Exercise aim
Your answer must be an exact copy of the listing, with the images left out.

Information provided
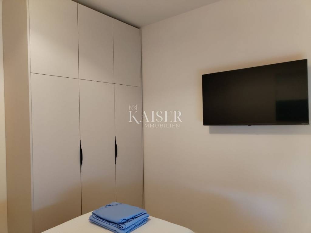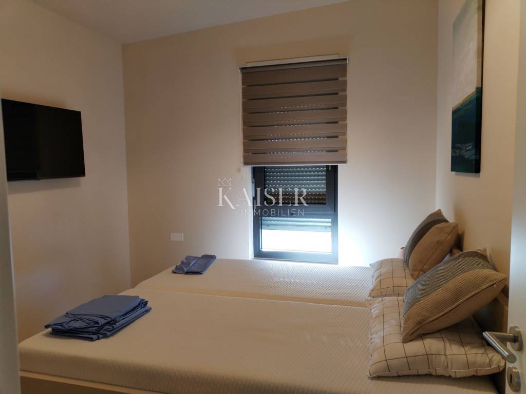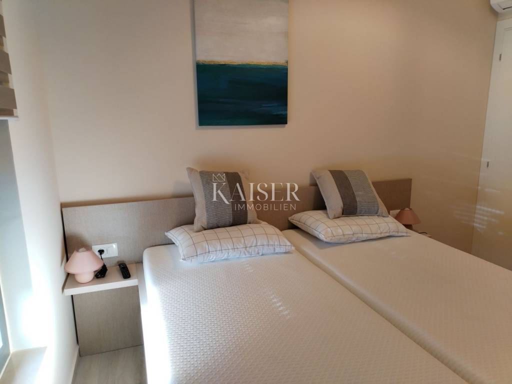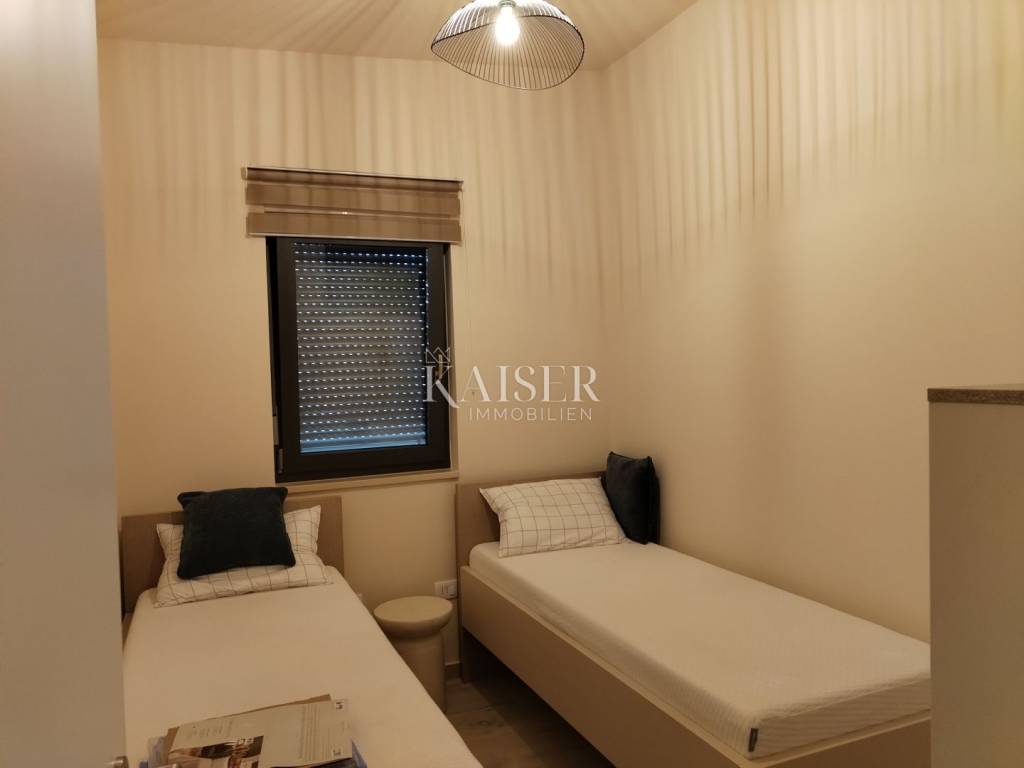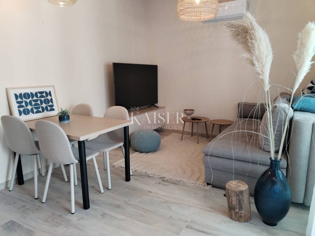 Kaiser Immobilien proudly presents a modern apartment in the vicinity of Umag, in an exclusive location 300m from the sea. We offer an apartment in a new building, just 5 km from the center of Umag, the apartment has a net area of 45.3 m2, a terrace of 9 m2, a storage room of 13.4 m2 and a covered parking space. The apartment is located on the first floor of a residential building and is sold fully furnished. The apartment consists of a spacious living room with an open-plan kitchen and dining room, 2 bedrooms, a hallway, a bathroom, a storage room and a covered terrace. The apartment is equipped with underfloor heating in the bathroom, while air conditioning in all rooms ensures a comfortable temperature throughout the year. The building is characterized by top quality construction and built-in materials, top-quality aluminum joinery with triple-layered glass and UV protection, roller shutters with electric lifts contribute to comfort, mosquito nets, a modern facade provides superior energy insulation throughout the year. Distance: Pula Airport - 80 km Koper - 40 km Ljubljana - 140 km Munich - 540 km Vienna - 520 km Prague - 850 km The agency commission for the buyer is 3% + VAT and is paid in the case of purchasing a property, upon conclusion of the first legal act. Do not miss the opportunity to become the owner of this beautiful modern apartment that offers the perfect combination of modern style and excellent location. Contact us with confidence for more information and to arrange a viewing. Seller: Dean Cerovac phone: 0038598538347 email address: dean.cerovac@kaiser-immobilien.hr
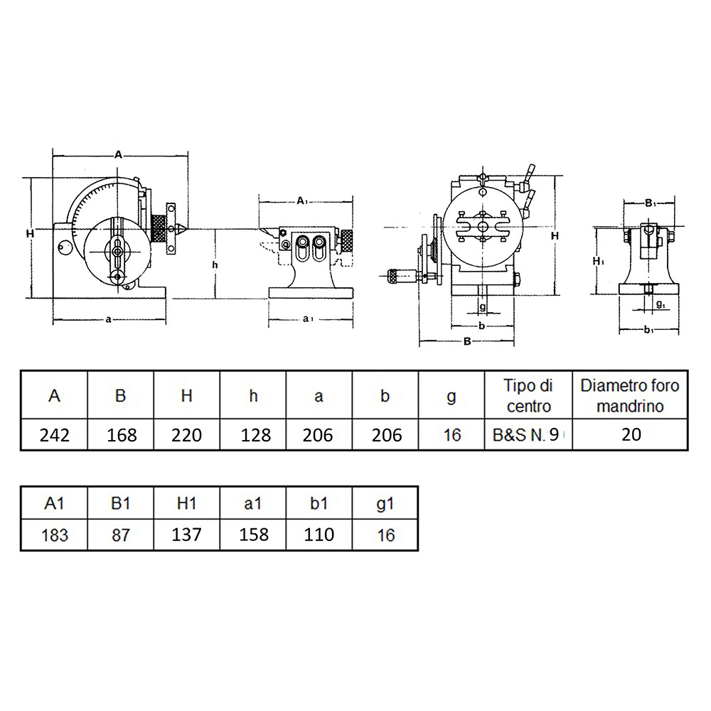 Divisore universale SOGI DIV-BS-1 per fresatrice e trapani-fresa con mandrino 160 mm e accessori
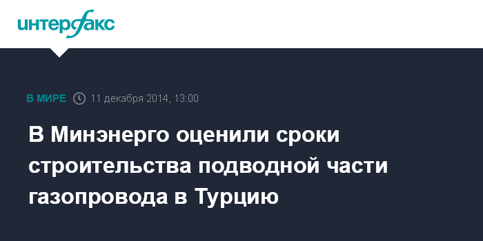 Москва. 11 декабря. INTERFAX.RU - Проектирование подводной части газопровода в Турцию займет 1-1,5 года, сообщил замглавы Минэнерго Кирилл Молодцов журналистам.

Written response
 Kaiser Immobilien proudly presents a modern apartment in the vicinity of Umag, in an exclusive location 300m from the sea. We offer an apartment in a new building, just 5 km from the center of Umag, the apartment has a net area of 45.3 m2, a terrace of 9 m2, a storage room of 13.4 m2 and a covered parking space. The apartment is located on the first floor of a residential building and is sold fully furnished. The apartment consists of a spacious living room with an open-plan kitchen and dining room, 2 bedrooms, a hallway, a bathroom, a storage room and a covered terrace. The apartment is equipped with underfloor heating in the bathroom, while air conditioning in all rooms ensures a comfortable temperature throughout the year. The building is characterized by top quality construction and built-in materials, top-quality aluminum joinery with triple-layered glass and UV protection, roller shutters with electric lifts contribute to comfort, mosquito nets, a modern facade provides superior energy insulation throughout the year. Distance: Pula Airport - 80 km Koper - 40 km Ljubljana - 140 km Munich - 540 km Vienna - 520 km Prague - 850 km The agency commission for the buyer is 3% + VAT and is paid in the case of purchasing a property, upon conclusion of the first legal act. Do not miss the opportunity to become the owner of this beautiful modern apartment that offers the perfect combination of modern style and excellent location. Contact us with confidence for more information and to arrange a viewing. Seller: Dean Cerovac phone: 0038598538347 email address: dean.cerovac@kaiser-immobilien.hr
 Divisore universale SOGI DIV-BS-1 per fresatrice e trapani-fresa con mandrino 160 mm e accessori
 Москва. 11 декабря. INTERFAX.RU - Проектирование подводной части газопровода в Турцию займет 1-1,5 года, сообщил замглавы Минэнерго Кирилл Молодцов журналистам.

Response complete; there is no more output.